A coalition of the UK’s largest retailers—including Tesco, Asda, Sainsbury’s, Morrisons, Primark, and B&Q-owner Kingfisher—have united in opposition to the reforms. In a rare show of unity, they have signed a joint letter to the Chancellor warning that the surcharge could trigger a wave of store closures and job cuts.

Kate Nicholls, Chair of Hospitality UK, described the potential outcome as “carnage on the high street.”

“If they’re looking for more revenue, they must not come back to the same well,” she said. “This sector is still recovering from COVID, grappling with inflation, and facing higher wage bills. Another tax grab could finish many of us off.”

Pressure Mounts on Reeves and Rayner

The backlash from retailers has created an early test for Chancellor Reeves, who is already under pressure to demonstrate Labour’s economic credibility. With Prime Minister Keir Starmer having pledged not to raise income tax, VAT, or employee national insurance, the Chancellor is left with limited options to raise revenue.

Shadow Business Secretary Andrew Griffith accused the Government of betraying its election promises: “Labour has broken its pledge to reduce the business rates burden on bricks-and-mortar retailers. Combined with the Chancellor’s jobs tax and Angela Rayner’s stealth levy, this will result in more store closures and higher prices.”

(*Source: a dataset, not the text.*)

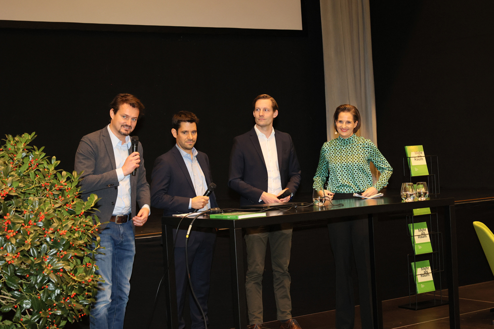 Referent Prof. Reinhard Haller, Gründer Horst Zimmermann Buchkoordinatorin Friederike Hehle (Historizing) und langjähriger GF Hermann Metzler. (v. li.)

Yet, amid the growing criticism, there are whispers from within Government that exemptions could still be made. Sources suggest that ministers may consider excluding certain sectors—particularly retail and hospitality—from the surcharge altogether and instead increasing the rate applied to warehouse and office-based properties.

Treasury Response

In a statement, a Treasury spokesperson insisted that the reforms are rooted in fairness and the need to revitalise the UK’s high streets:

“We are a pro-business Government that is creating a fairer business rates system to protect the high street, support investment, and level the playing field.

“To deliver our manifesto pledge and provide certainty and support to the high street, we intend to introduce permanently lower tax rates for retail, hospitality, and leisure properties from next year.

“Unlike the current relief system, there will be no cash cap on these new lower rates—supporting some of Britain’s most-loved high street chains to continue creating jobs and growing the economy.”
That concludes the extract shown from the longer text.